Ninety percent of school-age children have access to a computer at home and/or in school. That means that there are 54 million children in the U.S. using a computer on a regular basis. And the Berkeley School of Optometry found that between 25 and 30 percent of these kids need glasses to comfortably work on a computer.

And it really should come as no surprise that children can be affected by excess computer use the same as adults can be.

Remember, words on a computer screen are created by pixels- tiny points of light. And these pixels are brightest in the middle but diminish in intensity toward their edge. That means that words on a computer screen are much different than words on paper. As a consequence, it is much harder to maintain focus.

And this problem maintaining focus can cause those children who use a computer to have eye strain and fatigue.

It is unfortunate that a computer- something extremely useful for education- can cause eyestrain. However, there are some suggestions on how to lessen this strain:

1) This first one cannot be emphasize enough: School-aged children need to have their eyes checked annually. This applies to all children, not just those who wear glasses or have visual complaints. We don't always suspect our children have health problems, but we take them to the pediatrician for routine exams. Similarly, we don't always think our children have dental problems, but we generally take them to the dentist twice a year. We do this so the pediatrician and the dentist can be sure there is nothing wrong. And, if something is wrong, get it diagnosed right away so it can be treated right away. This apples to the eye doctor as well. Get your child to the eye doctor annually to ensure your child has the best possible vision to perform optimally in school.

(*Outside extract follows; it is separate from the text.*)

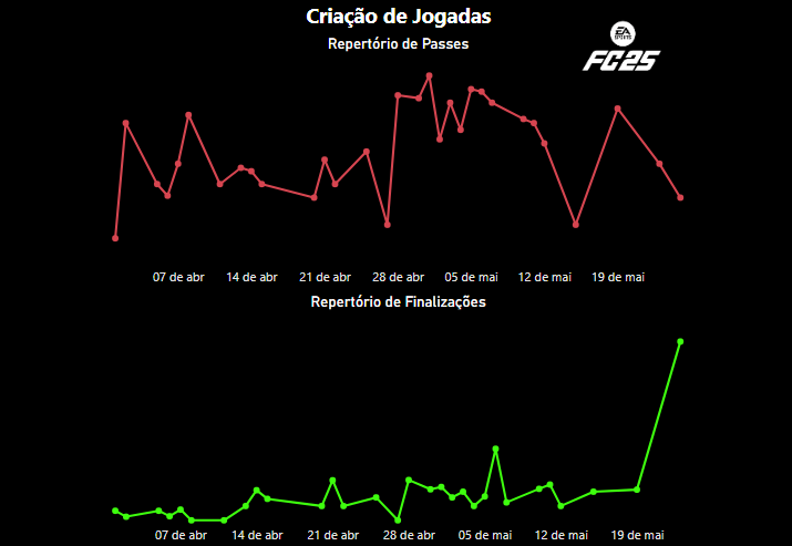Quando comecei a jogar EAFC no fim do ano passado, senti muita necessidade de aumentar minha diversidade de jogadas e, assim, comecei a coletar e analisar meus próprios dados e a desenvolver métricas que me ajudaram a evoluir. Veja uma imagem da minha evolução no repertório de finalizações e passes ao longo do tempo.

2) Make sure you child's computer is set up to suit his size, and not the size of an adult. This means the monitor should be 18-28 inches away from the child's eyes. Much closer than this increases the risk of eyestrain.

3) Encourage your child to take breaks from the computer.

Computer Vision Syndrome is a very real problem for adults as well as children. Stay on top of this problem with routine eye exams for yourself and for your children.